Many were tortured, skinned and burnt alive, dragged by horses as a sport, thrown to beasts for refusing to say “Caesar is lord” or to let Christ be counted with other gods/religions and for refusing to make state sacrifices as demanded.

And some gave in / sold out, bribed the officials to survive, and later some compromised truth to fit the intellect.

By the year AD 200 the First Church (earliest) letters and writings had been compiled into the New Testament to be the primary reference for battles against doctrinal corruption, Gnostics (intellectual religion) and false prophets/apostles.

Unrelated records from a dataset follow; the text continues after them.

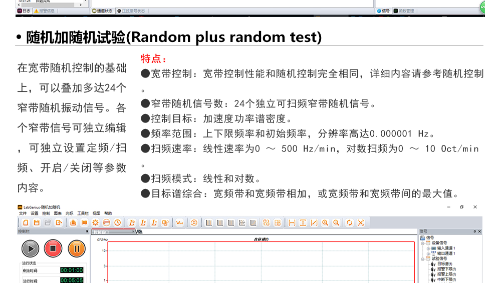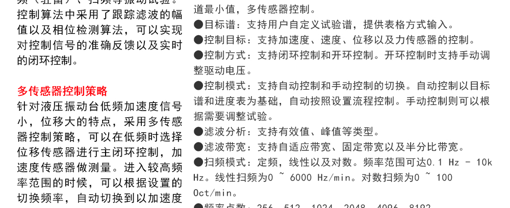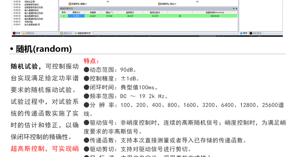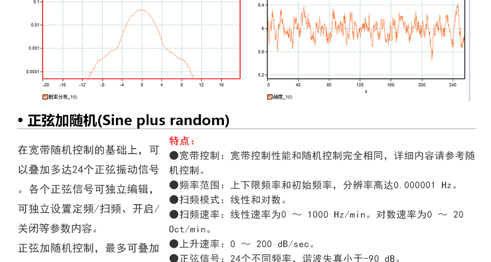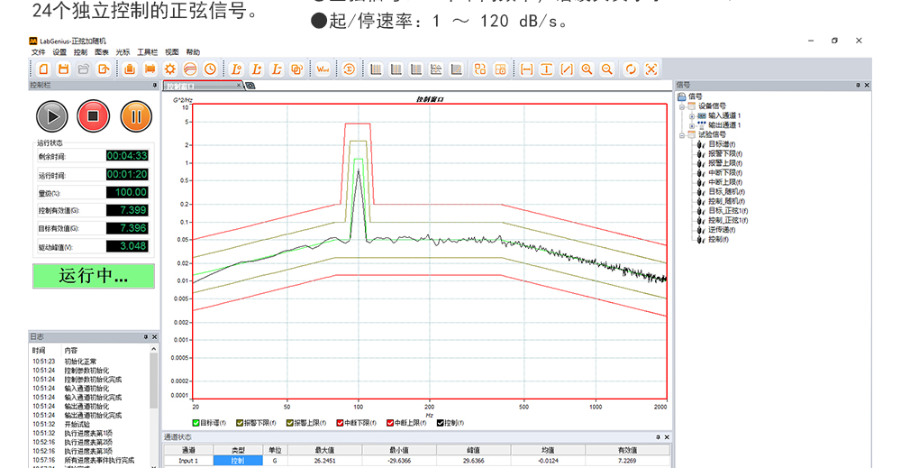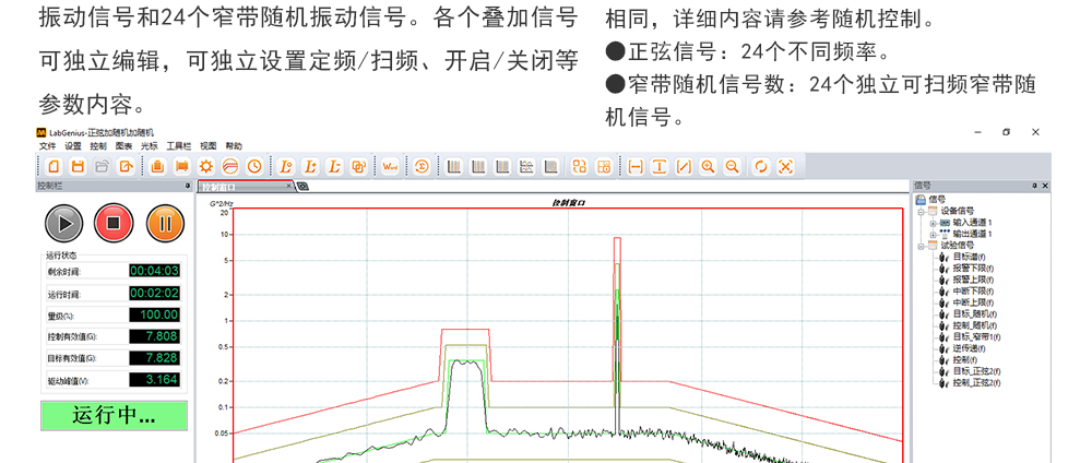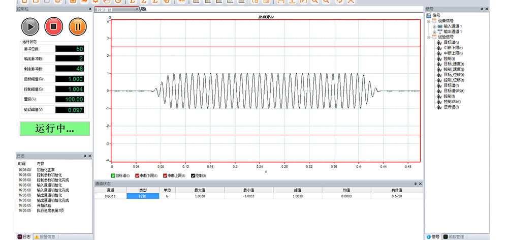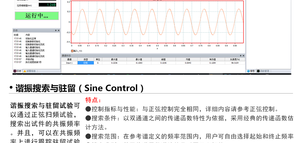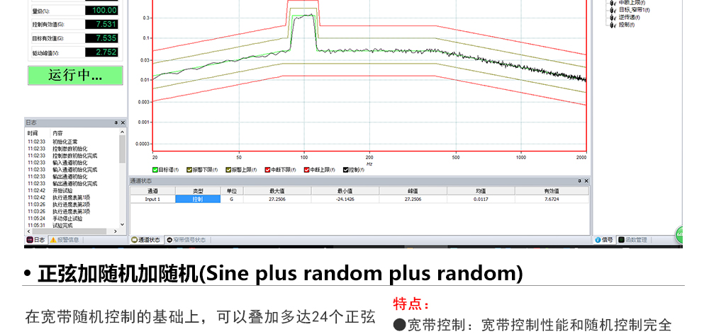 用途:正弦試驗(yàn)可以控制振動(dòng)臺(tái)實(shí)現(xiàn)定頻(駐留)、掃頻等振動(dòng)試驗(yàn)。控制算法中采用了跟蹤濾波的幅值以及相位檢測算法,可以實(shí)現(xiàn)對控制信號(hào)的準(zhǔn)確反饋以及實(shí)時(shí)的閉環(huán)控制。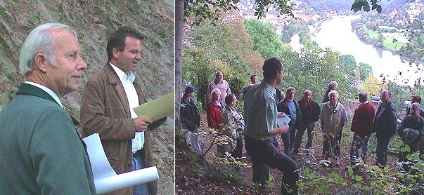Stadt begegnet Gefahren am Waldrand - Sicherungshieb am Itterberg geplant Linkes Bild: Forstamtsleiter Dr.Georg Bungenstab und Bürgermeister Bernhard Martin, rechts: Förster Siegfried Riedl erläutert die Gefahren und Probleme der Waldbewirtschaftung oberhalb der Bebauung am Itterberg. (Fotos:Richter)(hr) Mit Angelegenheiten des Stadtwaldes befassten sich gestern abend Mitglieder von Stadtverwaltung und Gemeinderatsgremien bei ihrer alljährlichen Waldbegehung. Im Mittelpunkt standen diesmal die Probleme und Gefahren der Waldbewirtschaftung an Steillagen oberhalb von Wohngebieten. Bürgermeister Bernhard Martin äußerte Verständnis für die Ängste der Bewohner an Waldrändern angesichts von Baumriesen, die im Falle eines Falles auch ihr Grundstück oder gar ihr Haus treffen könnten. Dabei sei allerdings die tatsächliche Gefahr zumeist viel geringer als das subjektive Empfinden der Anwohner suggeriere. Rings um Eberbach und seine Ortsteile reicht der Wald auf rund 5 km Länge unmittelbar an die Wohnbebauung heran.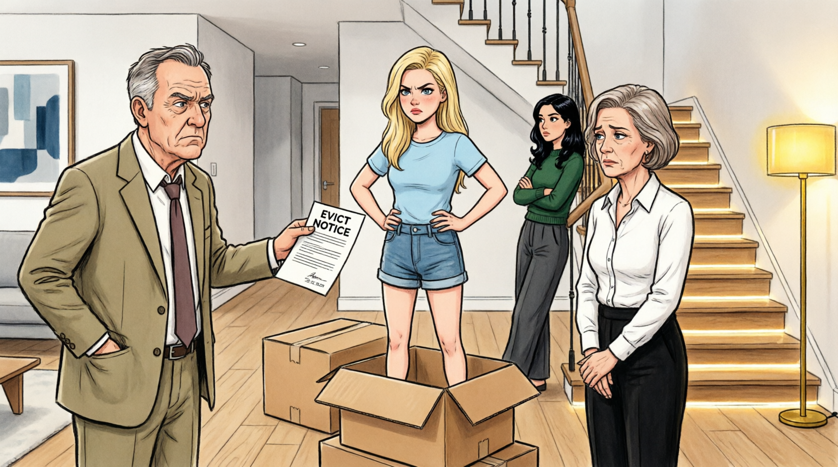My mother spoke first, her voice sharp with irritation as she stared at the lawyer. “What is she doing here,” she demanded while trying to maintain composure in front of the movers and neighbors.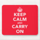 Um mousepad decorado com uma reprodução da leitura britânica do poster de 1939 WWII "mantem a calma e continua" no vermelho.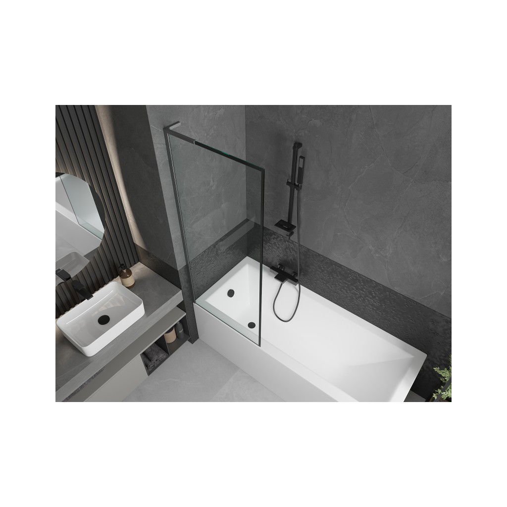 Mexen Next L, paravan de baie cu 1 aripă 70 x 150 cm, model sticlă transparentă-negru de 6 mm, profil grafit, 895-070-000-03-70-66
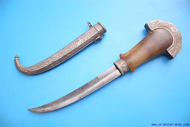Up for sale is this fine Koumaya Dagger from Morocco dated to 1310 (1892 in the Gregorian calendar). Well forged fullered blade, 9 inches long, double edged at its lower half and single edged at the top. The handle is carved from a single massive piece of Rhino horn with a very clear fibrous structure. The pommel head is chased silver as well as the grip collar and scabbard, both marked with the local silver proof mark and dated to 1310. Total length16 inches. Very good condition. The silver pommel has few small cracks and minor solder repairs. |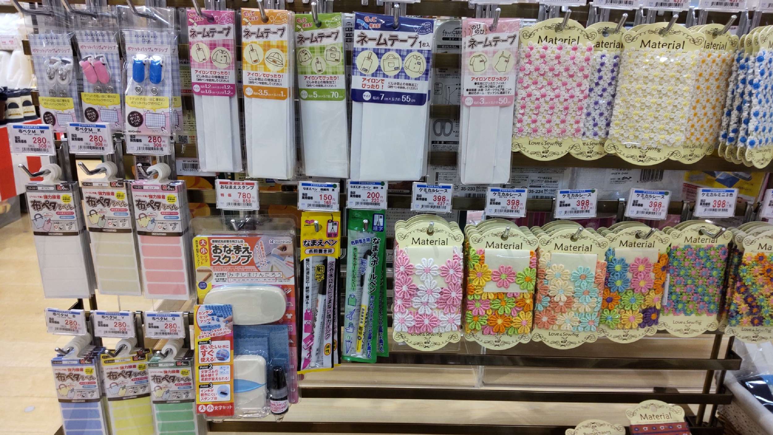 今春から子供に持たせるバッグ類のレシピ、材料なども特設コーナーができていました。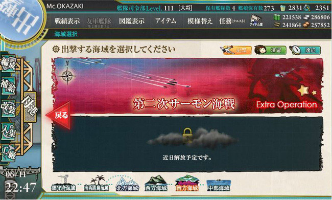 うーん、この海域は毎月クリアする必要はないかなぁ。勲章1つのために消費する資源がちょっと多過ぎだよなぁ。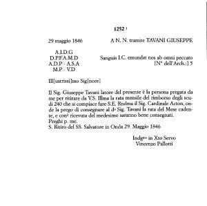 1 H destinatario della lettera è un sconosciuto Ill [ ustrissi ] mo Signore appartenente alla cerchia del Cardinale Acton . La lettera è stata consegnata al Tavani per ritirare la rata mensile concessa dal Cardinale .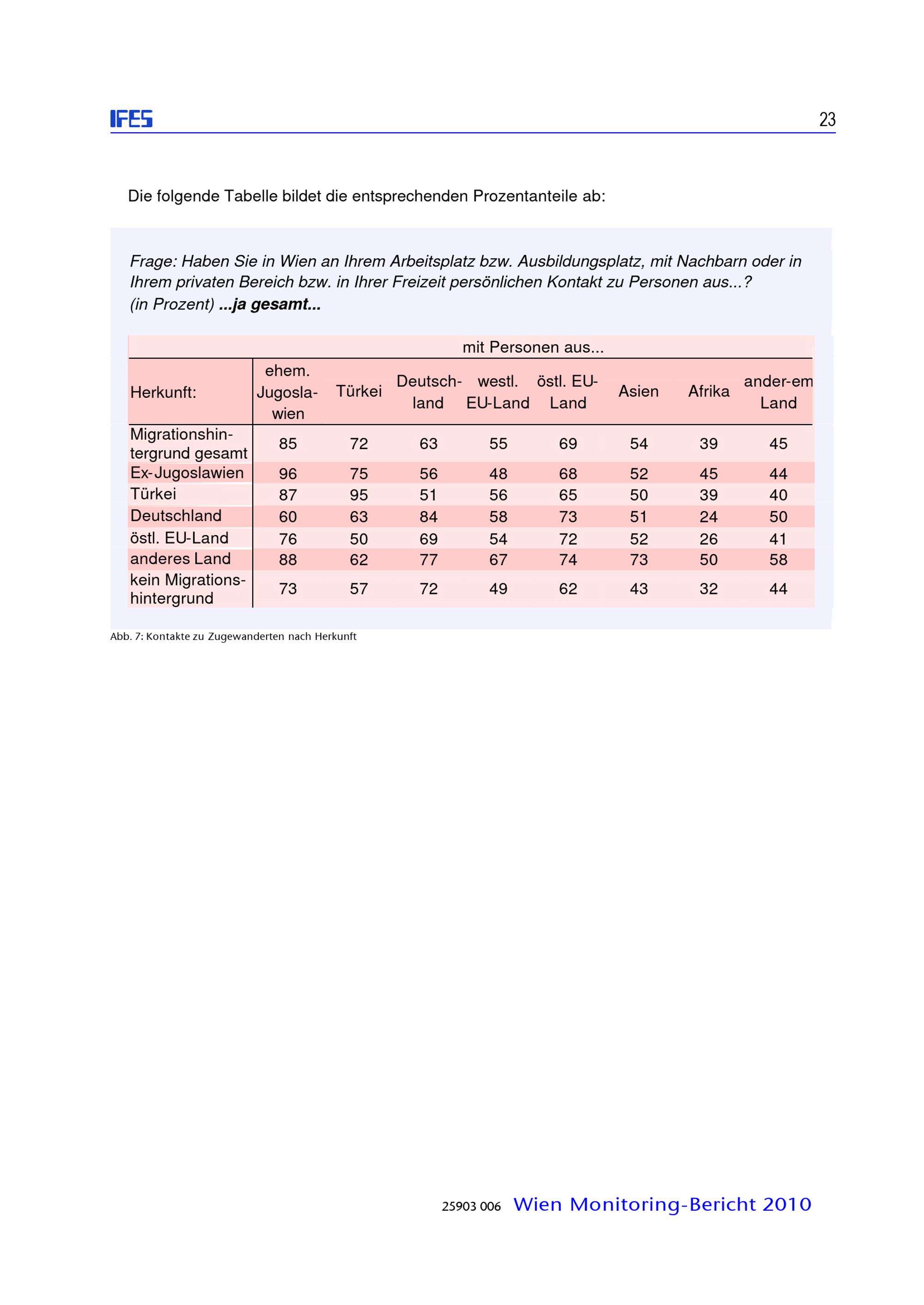 Zusammenleben von verschiedenen Bevölkerungsgruppen in Wien : Monitoringstudie 2010 ; Studienbericht / diese Studie wurde erstellt für die: Magistratsabteilung 18 - Stadtentwicklung und Stadtplanung, Magistratsabteilung 17 - Integration und Diversität ; IFES - Institut für empirische Sozialforschung GmbH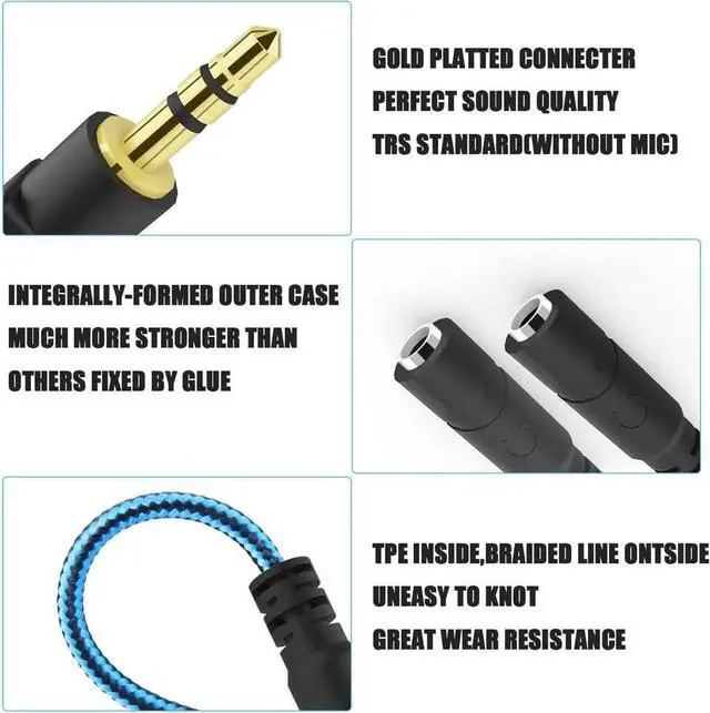 Stereo Splitter Cable: Dual Headphone Jack Adapter delivers undiminished stereo sound to both 3.5 mm female jacks. With the combination of gold-plated connector bare copper conductors and 3-layer solid shielding (including enameled copper tinned copper and TPE jacket) the 3.5 mm Audio Splitter provides superior performance and offers high-fidelity ultra-clear and noise-free stereo audio.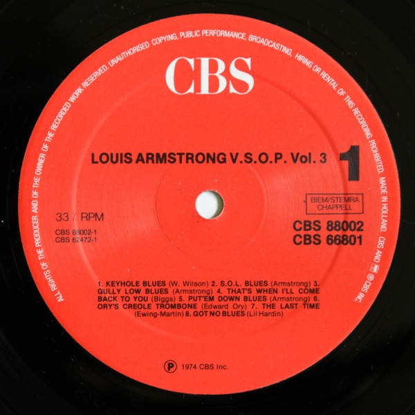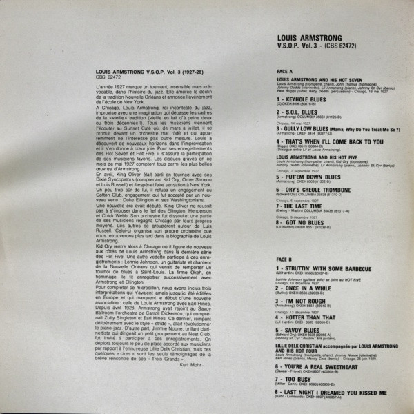 Side A & B from the release CBS 62472 - Louis Armstrong V.S.O.P. Vol. 3 (1927-28)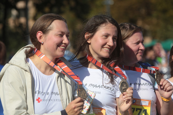 Служба помощи «Милосердие» проводит акцию второй год подряд. На этот раз акцию поддержали 190 благобегунов – это в 5 раз больше, чем в прошлом году. Также в поддержку службы «Милосердие» бежали команды сотрудников компаний «Clarins», «Ehrmann», «Sweet Dreams», «VNV Production», «Небесная хижина» и участники волонтерского проекта «Комбинат добра» компании «Норникель».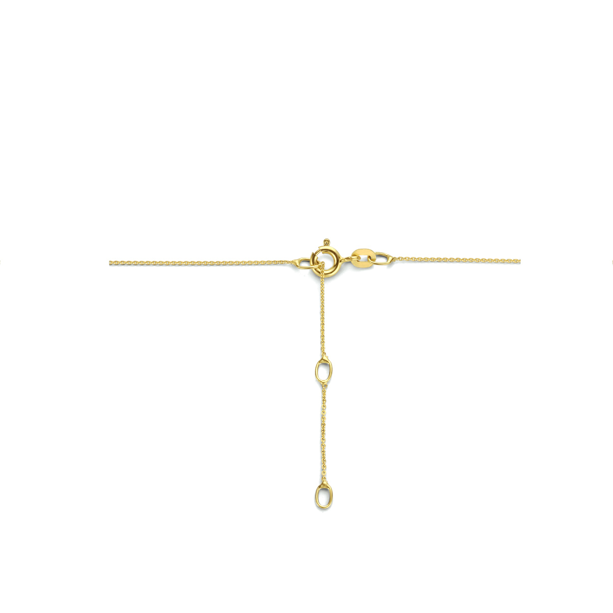 14k Geelgouden collier uitgevoerd met een hanger in de vorm van een poolster met daarin een schitterende zirkonia. Het collier heeft draaglengtes van 41, 43 en 45cm. De hanger heeft een afmeting van 11x9mm.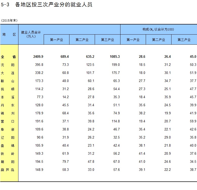 5-3 各地区按三次产业分的就业人员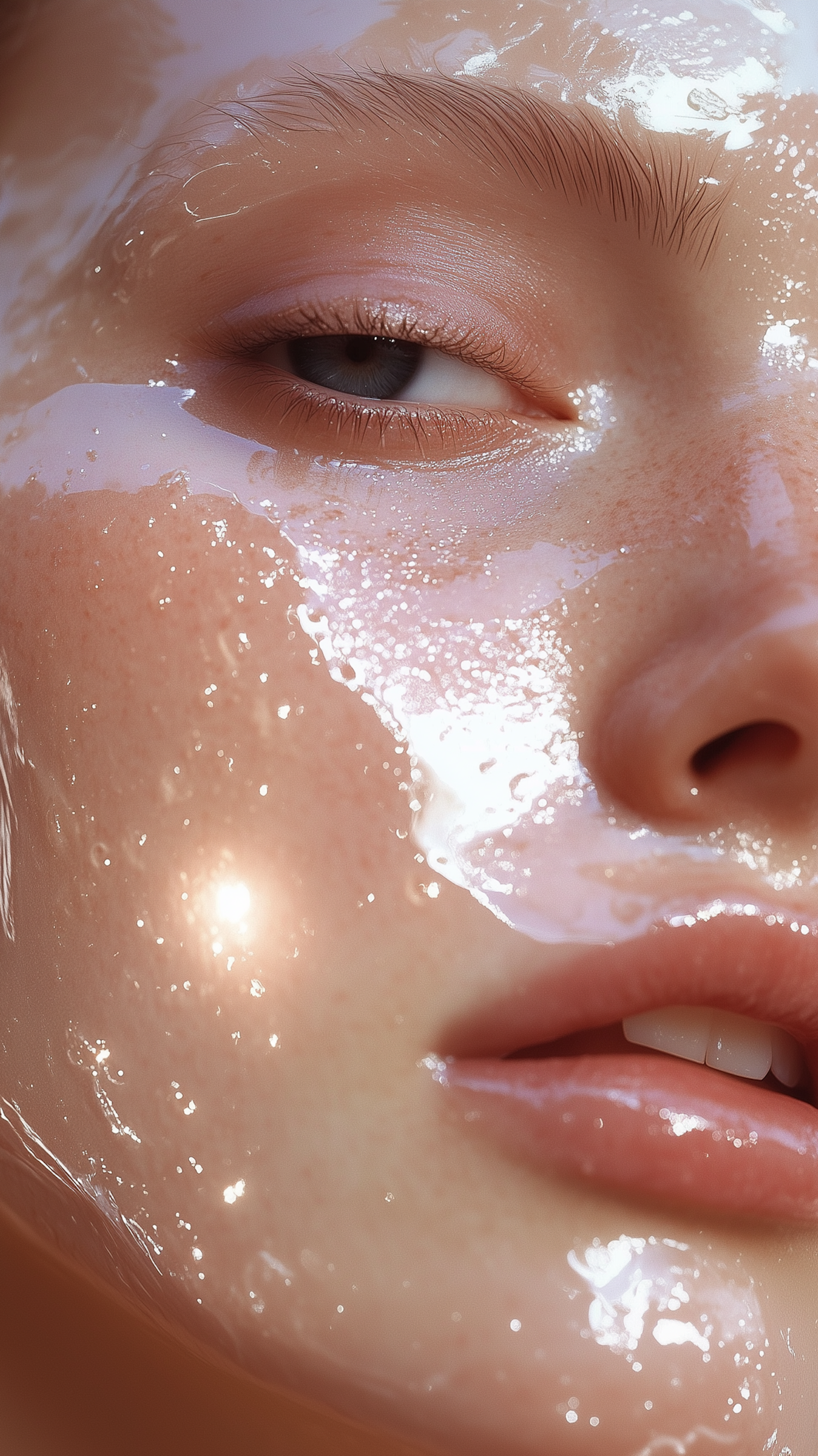 Close-up of a freckled face with glossy skin, light-colored eye, and natural pink lips, showcasing a luminous skincare effect.

Christian writers like Tertullian emerged and fought with their pens. They organised conferences or councils to discuss the key issues that later led to popular memorised confessions called creeds.

If we had time and space we would talk about the likes of Decius in 250 AD, Dicletian Persecution 303 AD etc.

In AD 312 Roman Emperor Constantine got converted to Christianity and for the first time in centuries Christians were tolerated, ending the physical persecutions and sufferings but not the mental (information wars?) and spiritual battles.

As a Christian Constantine organised the Nicaean council – a conference over whether Jesus was Man or God. In year 388 AD Christianity became the only official religion or state church of the whole empire and by 500 AD most fierce battles had ceased [ and absence of major persecutions?] seemed to be slowing her fire and vitality.

Footnote* There is about 3 to 4 years difference depending on the calendars.
AD stands for Anno Domini which means the year (of the BIRTH) of our Lord NOT After Death.